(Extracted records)
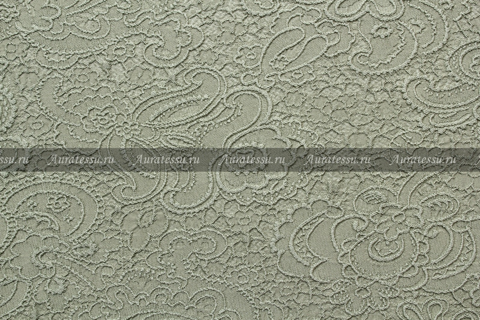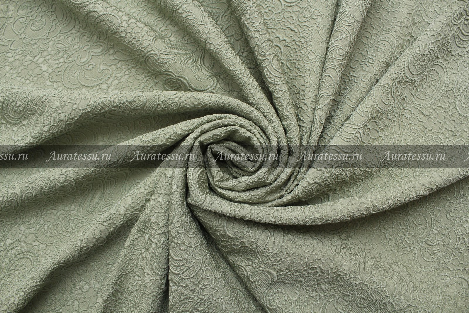 Средней плотности жаккардовое полотно нефритового цвета. Рисунок  витиеватый, вензельный, выпуклый. Узор густой и слегка глянцевый на матовом фоне. Полотно слегка эластичное, держит форму. Подходит для пошива плательной, костюмной одежды разнообразных силуэтов.
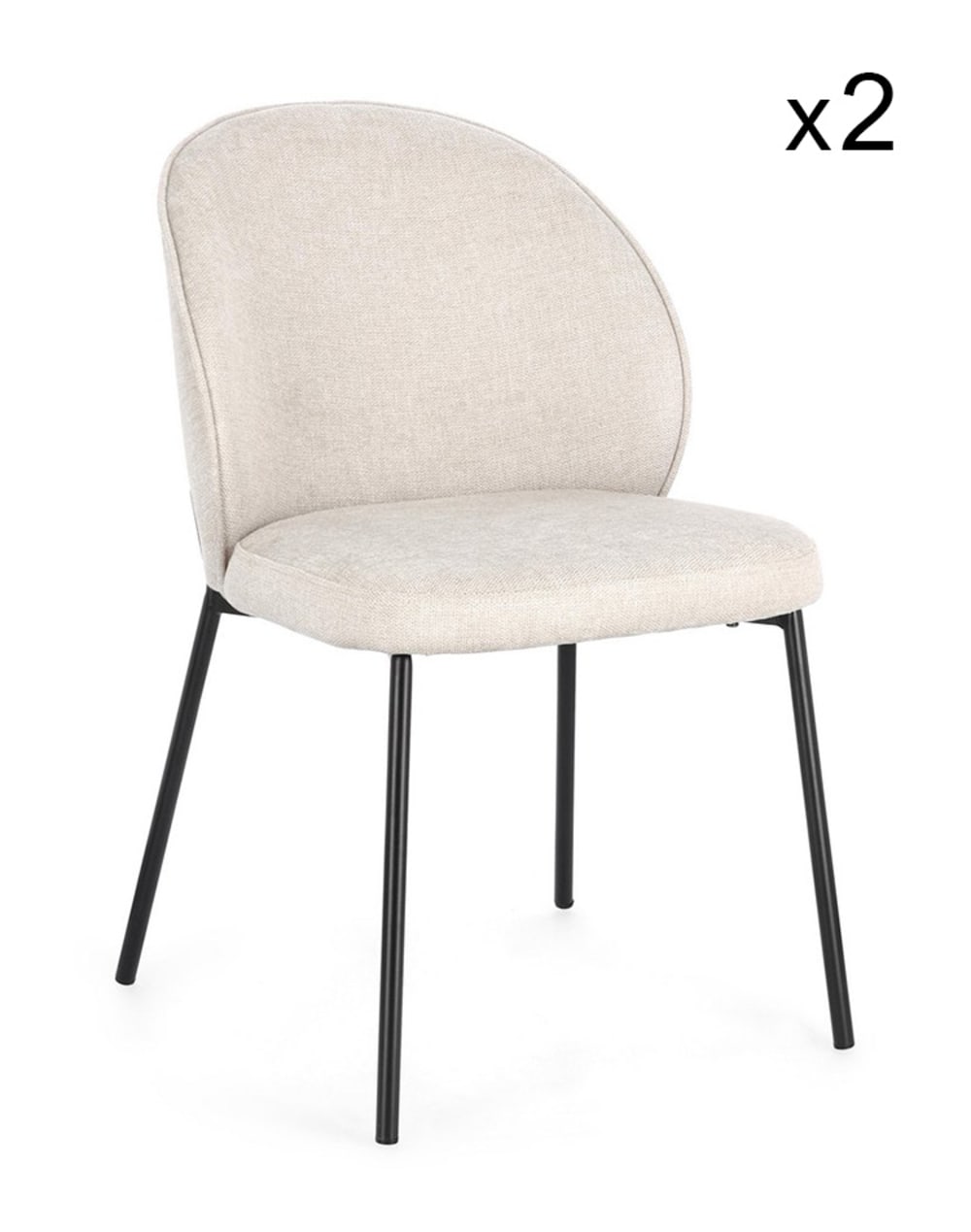 Set di 2 sedie in tessuto beige e gambe acciaio nere
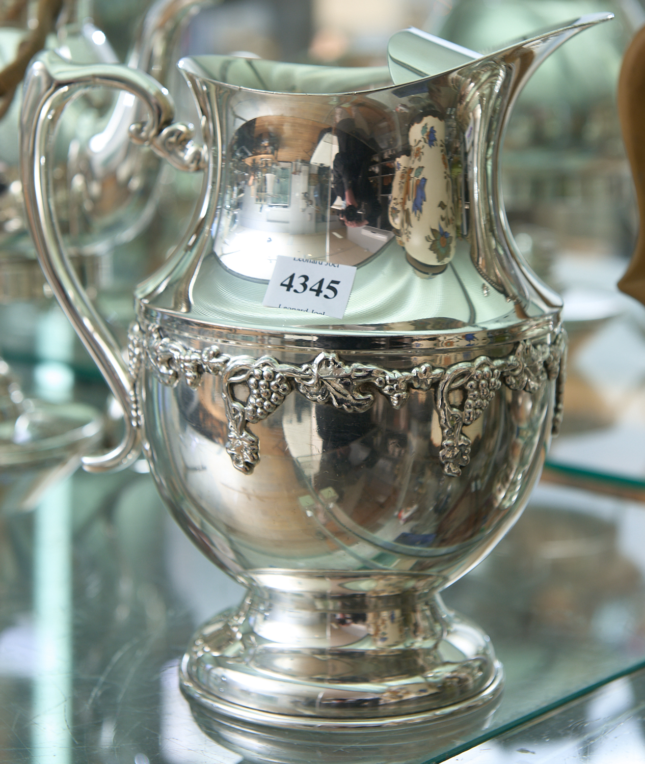 A SILVERPLATED WATER JUG WITH GRAPE PATTERNING TO SIDE H.21.5CM, LEONARD JOEL LOCAL DELIVERY SIZE: SMALL
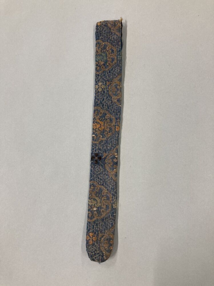 Foudraal voor haakpennen van blauwe, rode, gele zijde geborduurde stof met donkerblauwe voering
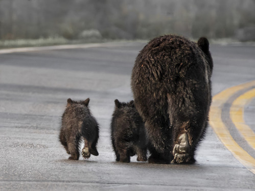 - Angela Poggioni - "On the Road" -This photo was taken in West Yellowstone, Montana, United States. As I was in the car exploring the area, a female Bear with two cubs came down to the road from the forest. I started to follow the adorable family on foot. After almost two hours finally Mother Bear found an entrance in the forest. Luckily no cars came from the opposite direction and the family made it safely into the woods. This unfortunately is not uncommon. Several bears over the years have not been as lucky. I used Nikon D500.
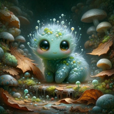 グリースクリッター - キッチンの油汚れから生まれる、ぬるぬるした小さな生き物。夜中に調理器具を滑らかにしてくれる。 Greasecritter - A slimy little creature born from kitchen grease. It smooths out cooking utensils in the middle of the night.
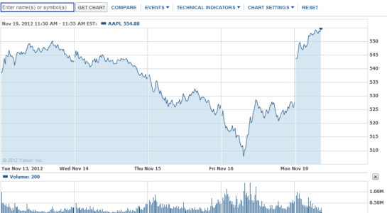 CNN dnes oficiálne potvrdilo stretnutie hlavy Spojených štátov Amerických, Baracka Obamu, s riaditeľmi štyroch spoločností zo zoznamu Fortune 500, medzi ktorých patrí i CEO kalifornskej spoločnosti Apple, Tim Cook. Práve toto stretnutie malo veľmi priaznivý dopad na akcie spoločnosti, ktorých hodnota sa po dlhom čase vyšplhala nahor až o vyše 25 dolárov za kus a ich hodnota sa aj naďalej udržuje vysoko. Aktuálna hodnota akcii spoločnosti Apple [AAPL] je $554.95.
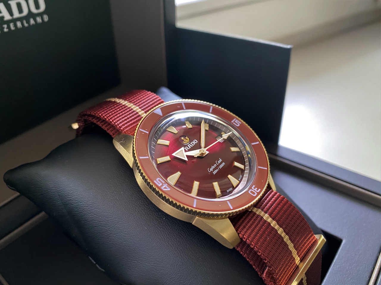 Сaptain Cook, модель в бронзе, с невероятным, бордовым циферблатом,
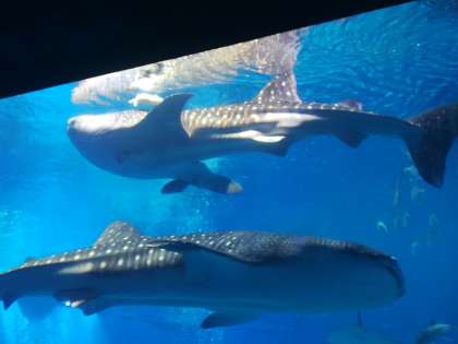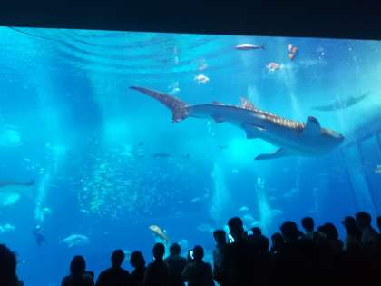 民泊先の方々と一緒に,美ら海水族館を訪れています。
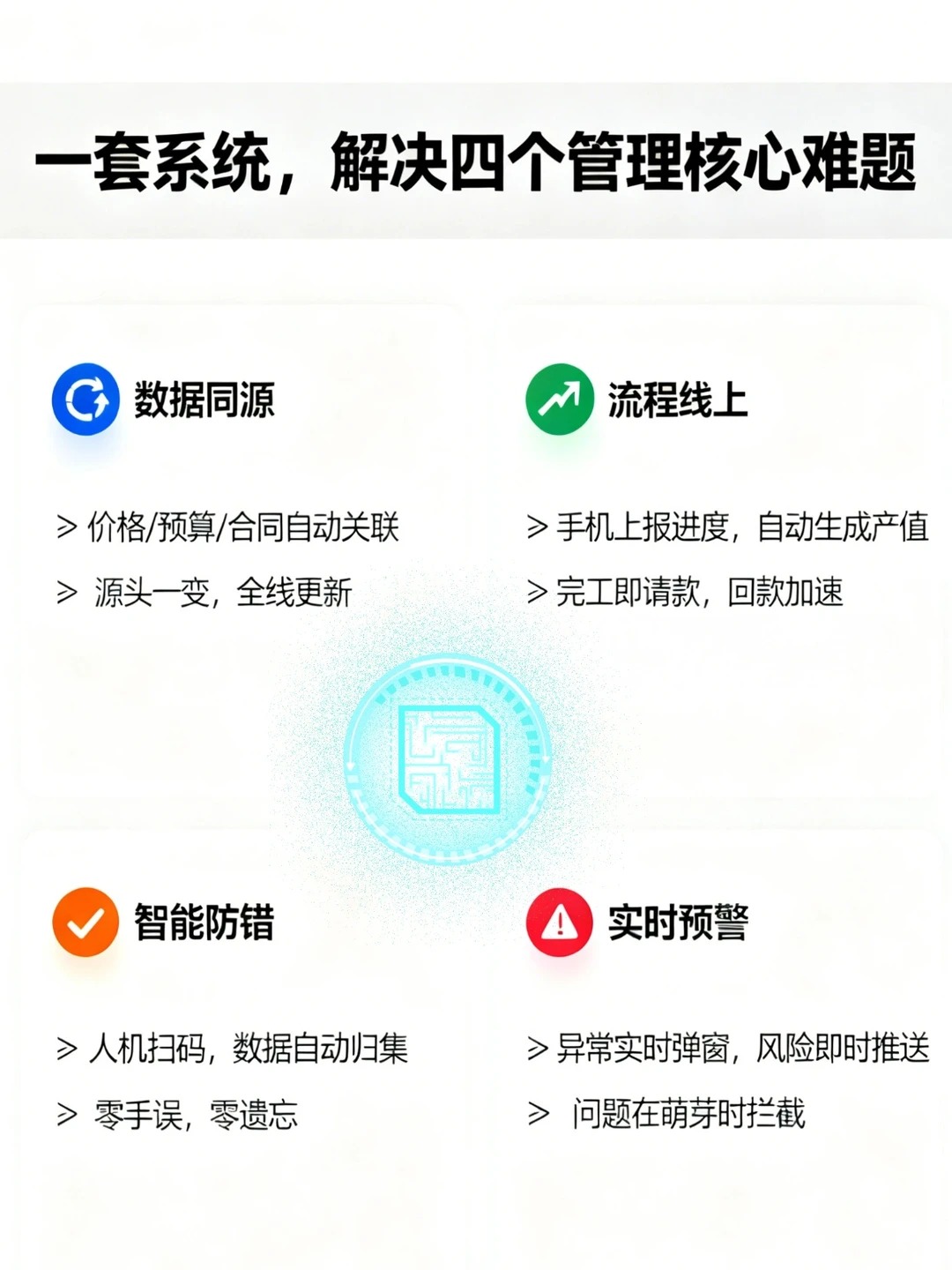 我们一位做市政工程的客户,去年项目结算时发现利润少了10多万。复盘时所有人都懵了——问题出在哪? - 🔍 事后总结,全是“信息差”惹的祸: 1️⃣ 材料涨价了,但采购单上还是老价格 2️⃣ 活干完一周,进度款还没申请 3️⃣ 机械台班结算时多出150个小时 10万利润,就在Excel、微信和口头传达中悄悄流失。 - 💡 用了我们系统后,彻底改变: ✅ 数据实时同步:价格一调,所有关联文件自动更新 ✅ 流程线上化:手机上报进度,系统自动发起请款 ✅ 智能防错:机械扫码打卡,台班自动记录 ✅ 风险预警:成本一超支,立刻弹窗提醒 📊 改变看得见: 对账时间:3天→1小时 数据准确率:70%→99% 利润能见度:事后才知道→天天看得见 - 如果你也在经历: ▷ 表格越做越多,数据越来越乱 ▷ 重要信息总在微信里“淹没” ▷ 月底总在为数据“扯皮” - 他的弯路,你不必再走。
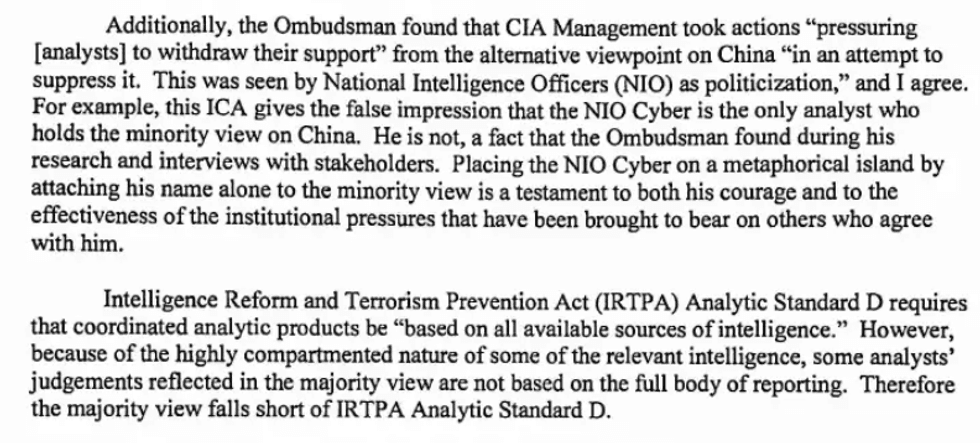 "Given analytic differences in the way Russia and China analysts examined their targets, China analysts appeared hesitant to assess Chinese actions as undue influence or interference," Zulauf wrote. "These analysts appeared reluctant to have their analysis on China brought forward because they tended to disagree with the Administration's policies, saying in effect, I don't want our intelligence used to support those policies."
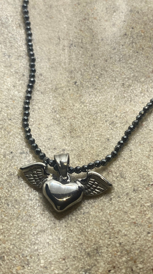 Vintage Faceted Hemetite beaded 30 inch Necklace
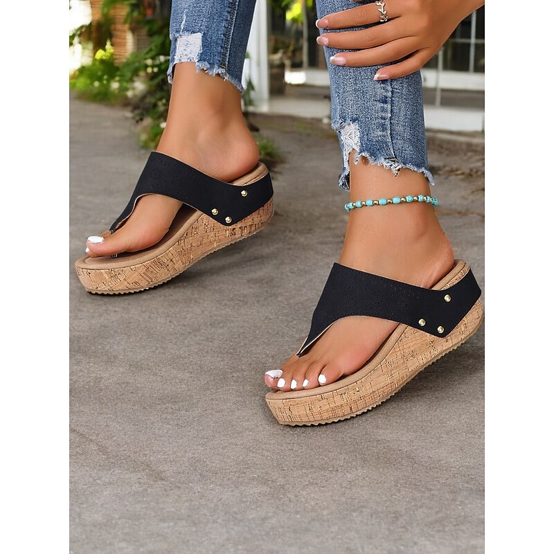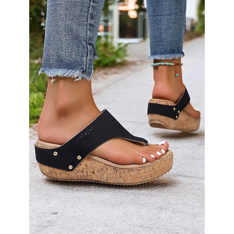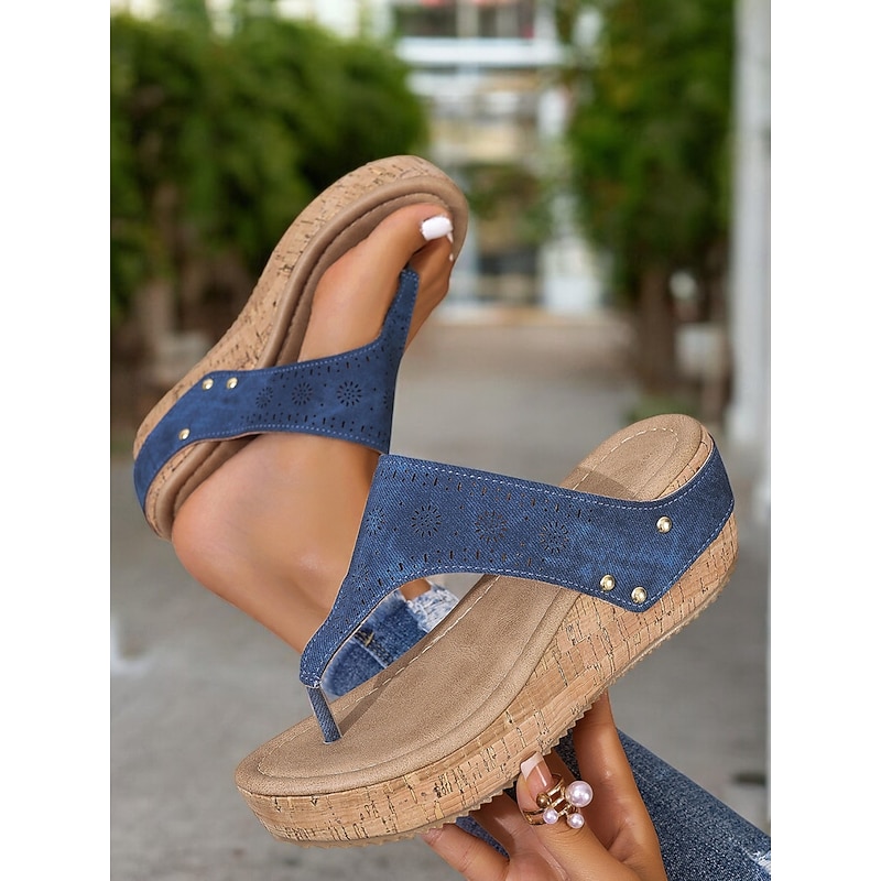 HOT ! Women's Blue Cork Wedge Sandals with Laser-Cut Design, Open Toe Slip-On Summer Shoes for Casual Outings and Beach Vacations
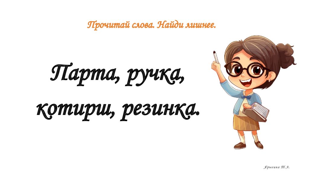 Прочитай слова. Найди лишнее. Парта, ручка, котирш, резинка. Ярыгина Т.А.

Required action:
The answer should contain only the lines from the start of the records above through the line with "民泊先の方々と一緒に,美ら海水族館を訪れています。", copied exactly, and no pictures.

Exercise solution:
 Средней плотности жаккардовое полотно нефритового цвета. Рисунок  витиеватый, вензельный, выпуклый. Узор густой и слегка глянцевый на матовом фоне. Полотно слегка эластичное, держит форму. Подходит для пошива плательной, костюмной одежды разнообразных силуэтов.
 Set di 2 sedie in tessuto beige e gambe acciaio nere
 A SILVERPLATED WATER JUG WITH GRAPE PATTERNING TO SIDE H.21.5CM, LEONARD JOEL LOCAL DELIVERY SIZE: SMALL
 Foudraal voor haakpennen van blauwe, rode, gele zijde geborduurde stof met donkerblauwe voering
 - Angela Poggioni - "On the Road" -This photo was taken in West Yellowstone, Montana, United States. As I was in the car exploring the area, a female Bear with two cubs came down to the road from the forest. I started to follow the adorable family on foot. After almost two hours finally Mother Bear found an entrance in the forest. Luckily no cars came from the opposite direction and the family made it safely into the woods. This unfortunately is not uncommon. Several bears over the years have not been as lucky. I used Nikon D500.
 グリースクリッター - キッチンの油汚れから生まれる、ぬるぬるした小さな生き物。夜中に調理器具を滑らかにしてくれる。 Greasecritter - A slimy little creature born from kitchen grease. It smooths out cooking utensils in the middle of the night.
 CNN dnes oficiálne potvrdilo stretnutie hlavy Spojených štátov Amerických, Baracka Obamu, s riaditeľmi štyroch spoločností zo zoznamu Fortune 500, medzi ktorých patrí i CEO kalifornskej spoločnosti Apple, Tim Cook. Práve toto stretnutie malo veľmi priaznivý dopad na akcie spoločnosti, ktorých hodnota sa po dlhom čase vyšplhala nahor až o vyše 25 dolárov za kus a ich hodnota sa aj naďalej udržuje vysoko. Aktuálna hodnota akcii spoločnosti Apple [AAPL] je $554.95.
 Сaptain Cook, модель в бронзе, с невероятным, бордовым циферблатом,
 民泊先の方々と一緒に,美ら海水族館を訪れています。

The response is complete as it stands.